While flying simulations for the Test Readiness Program, the science teams assigned to the NC-135 aircraft realized that their flying laboratories could be effectively used to study solar eclipses as well as cosmic rays entering the atmosphere and the effects of magnetic fields in the ionosphere. Program scientists petitioned the AEC to allow for a program-within-a-program to use the aircraft for such scientific research. The petition was approved, and research continued through 1975.

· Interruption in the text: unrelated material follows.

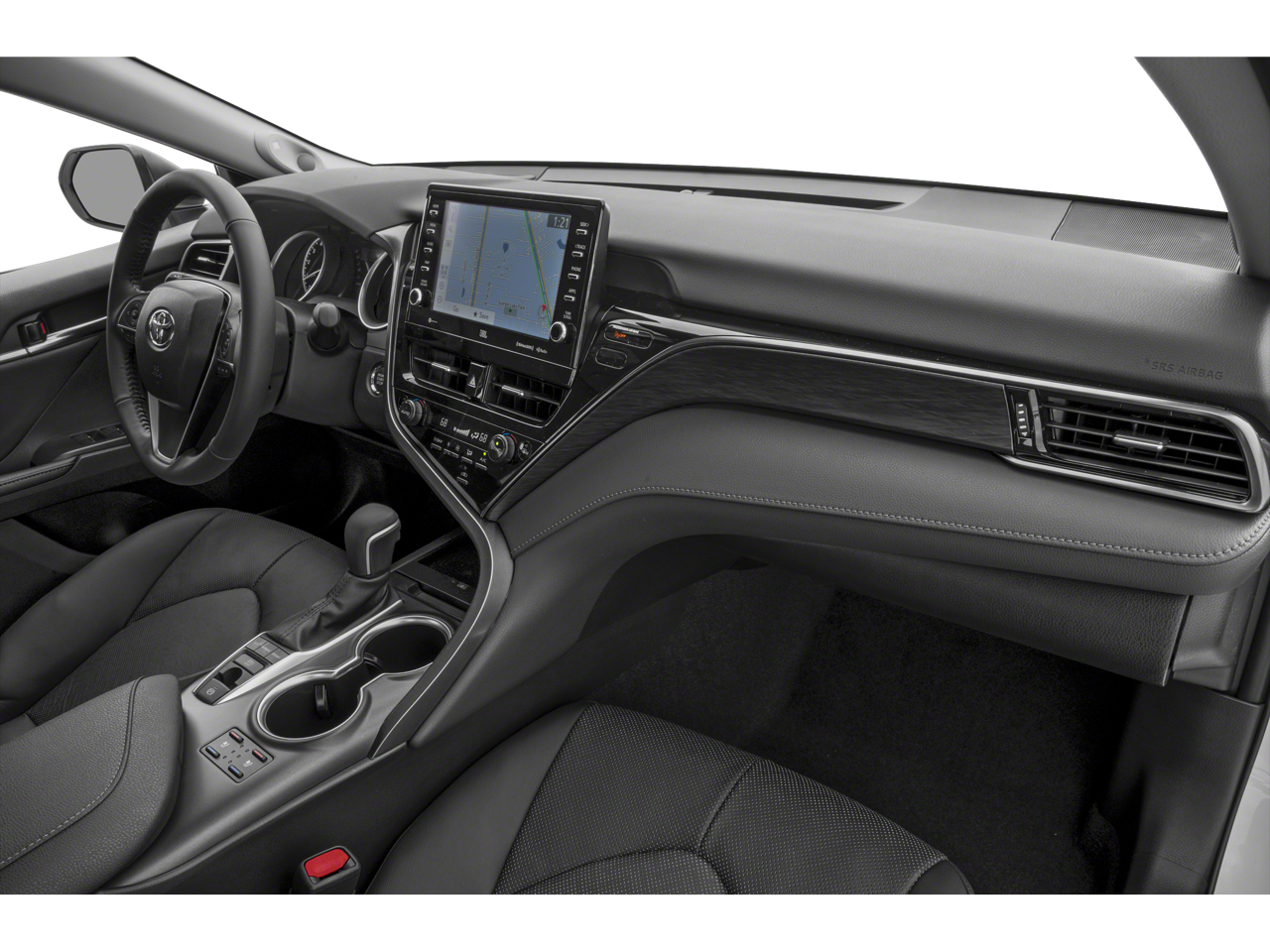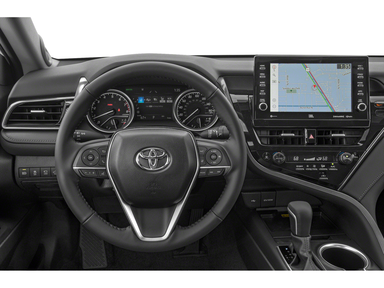Our XLE V6 cabin has a smart layout for comfortable driving with heated leather power front seats, a leather-wrapped steering wheel, dual-zone automatic climate control, keyless access/ignition, and elegant wood inlay trim. You can enjoy remarkable audio with the JBL sound system, and connections are a breeze with a 9-inch touchscreen with Android Auto/Apple CarPlay, Bluetooth®, WiFi/Amazon Alexa compatibility, and wireless charging.

The first eclipse mission took place from Pago Pago International Airport in 1965. Flying in conjunction with several other science aircraft, one of the NC-135s managed to fly within eclipse totality for 160 seconds, providing valuable science data. Eclipse missions were also flown in 1970, 1972, 1973, 1979 and 1980.

===Big Crow===
Big Crow is the designation of the two NKC-135 test-bed aircraft (55-3132 and 63-8050) heavily modified for electronic warfare testing. These planes were also used as a target simulator for flight testing the Boeing YAL-1 Airborne Laser. On March 15, 2007, the YAL-1 successfully fired this laser in flight, hitting its target. The target was the NKC-135E Big Crow 1 test aircraft that had been specially modified with a "signboard" target on its fuselage. The test validated the system's ability to track an airborne target and measure and compensate for atmospheric distortion.

Big Crow aircraft were also used as downrange telemetry assets in conjunction with Western Launch and Test Range launches from Vandenberg Air Force Base in California.

Since 2008, 55-3132 and 63-8050 have been retired, and relegated to the AMARG (Davis-Monthan AFB, Tucson, AZ).

===Other versions===

One aircraft, serial 61–2666, has been modified as an NC-135W to test systems and equipment used on RC-135V and W Rivet Joint reconnaissance aircraft. As of September 2023, 61-2666 has been withdrawn from use and stored at DMA.

From 1975 to 1984, the US used an NKC-135 for its Airborne Laser Lab program. The modified NKC-135A carried a 10.6 micrometer Carbon Dioxide Laser. Tests included successful interceptions of small air-to-air missiles (such as the AIM-9 Sidewinder) and of drone aircraft. Despite the combat potential of the system, it was kept strictly experimental. However, the SCUD threat faced during the Gulf War reignited interest in an airborne laser system, resulting in the Boeing YAL-1.

==Operators==
- USA
- United States Air Force
- United States Navy: Fleet Electronic Warfare Support Group

==Survivors==
- 55-3123 - Originally built as a KC-135A, since 1984 NKC-135 Airborne Laser Lab has been on display at the National Museum of the United States Air Force in Dayton, Ohio. In August 2011 it was removed from display in the museum's Air Park to make room for the arrival of the museum's C-5A Galaxy. The aircraft is currently in storage.